University of Chicago economist Casey B. Mulligan argues that, despite adverse selection, an individual mandate is unnecessary and reducing efficiency as long as insurance is subsidized enough. “Consumers who turn down the government aid by failing, say, to buy a subsidized plan are owed gratitude by us Federal taxpayers. The ACA did the opposite with its ‘individual mandate’….” A cost-benefit analysis confirming Mulligan’s argument appeared in the 2019 Economic Report of the President, which also concludes that adverse selection is not sufficient economic justification for prohibiting unsubsidized plans that exclude “essential benefits” such as coverage for maternity or mental health.
The insurance mandate faced opposition across the political spectrum, from left-leaning groups such as the Green Party and other advocates of single-payer healthcare to right-leaning groups such as the Heritage Foundation, FreedomWorks, and the Cato Institute as well as some members of the U.S. Senate and House of Representatives.
Opponents such as Michael Cannon, Director of Health Policy Studies at the Cato Institute, make a philosophical argument that people should have the right to live without government social interference as a matter of individual liberty. He has stated that federal, state, and local governments are not willing or able to raise the necessary funds to effectively subsidize people who cannot currently afford insurance.
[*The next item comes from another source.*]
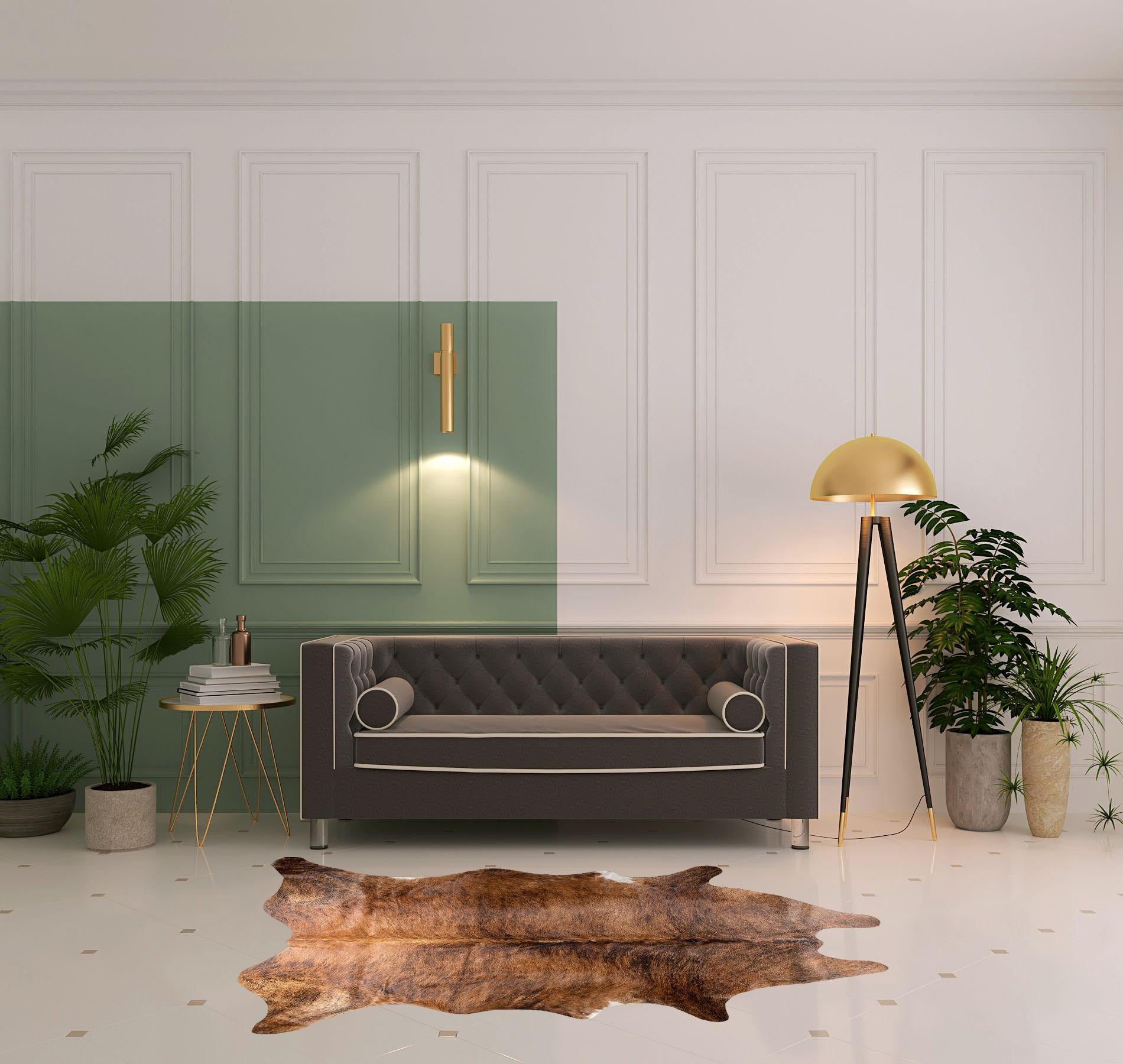 Set an inviting tone in your space with this 5-foot x 7-foot brown cowhide hand knotted area rug. Ideal for spaces with kids and pets, this rug is stain resistant to help repel stains and spilled liquids. Crafted by skilled artisans, this hand knotted rug is genuine and unique. No two will be exactly alike. Area rugs help to give warmth and sense of home to your space. 60-inch H x 84-inch W x 0.1-inch D

He has also stated that the costs of increasing coverage are far higher than other reforms, such as reducing the number of errors and accidents in treatment, which would accomplish as much or more benefit to society.
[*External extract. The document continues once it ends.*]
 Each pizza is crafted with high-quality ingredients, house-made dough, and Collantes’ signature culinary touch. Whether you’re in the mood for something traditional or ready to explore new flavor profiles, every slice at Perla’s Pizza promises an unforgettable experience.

In the United States, the Patient Protection and Affordable Care Act (PPACA) includes both employer and individual mandates that take effect in 2014. The PPACA's employer mandate requires that all businesses with 50 or more full-time employees provide minimum affordable health insurance to at least 95% of their full-time employees and dependents up to age 26, or pay a fee by 2016. In the two largest EU countries, France and Germany, Statutory Health Insurance (SHI) mandates employers and employees pay into statutory sickness funds. In France, private health insurance (PHI) is voluntary and used to increase the reimbursement rate from the statutory sickness system. The same applies in Germany where it is also possible to opt out of SHI if you are a very high earner and into a PHI but if a person has reached the age of 55 and is in the PHI sector he or she must remain covered by PHI and cannot opt back into SHI. Persons who are unemployed can usually continue their payments through social insurance and the very poor receive support from the government to be insured. Most workers are insured through compulsory membership of "sickness funds" that are non-profit entities established originally by trades unions and now given statutory status. In Germany and France, as is the case with most European health care finance, the personal contribution to health care financing varies according to a person's income level and not according to their health status. Only 0.2% of Germans are uninsured, mainly self-employed, rich and poor, and persons who have failed to pay contributions to the statutory insurance or premiums to the private health insurance. Between 1990 and 2000 the share of French SHI income coming directly from employees via salaries fell from around 30% to just 3% and employer direct contributions also fell. The difference was made up by a rise in income from government taxation, thus widening the mandatory contribution base to the health insurance system.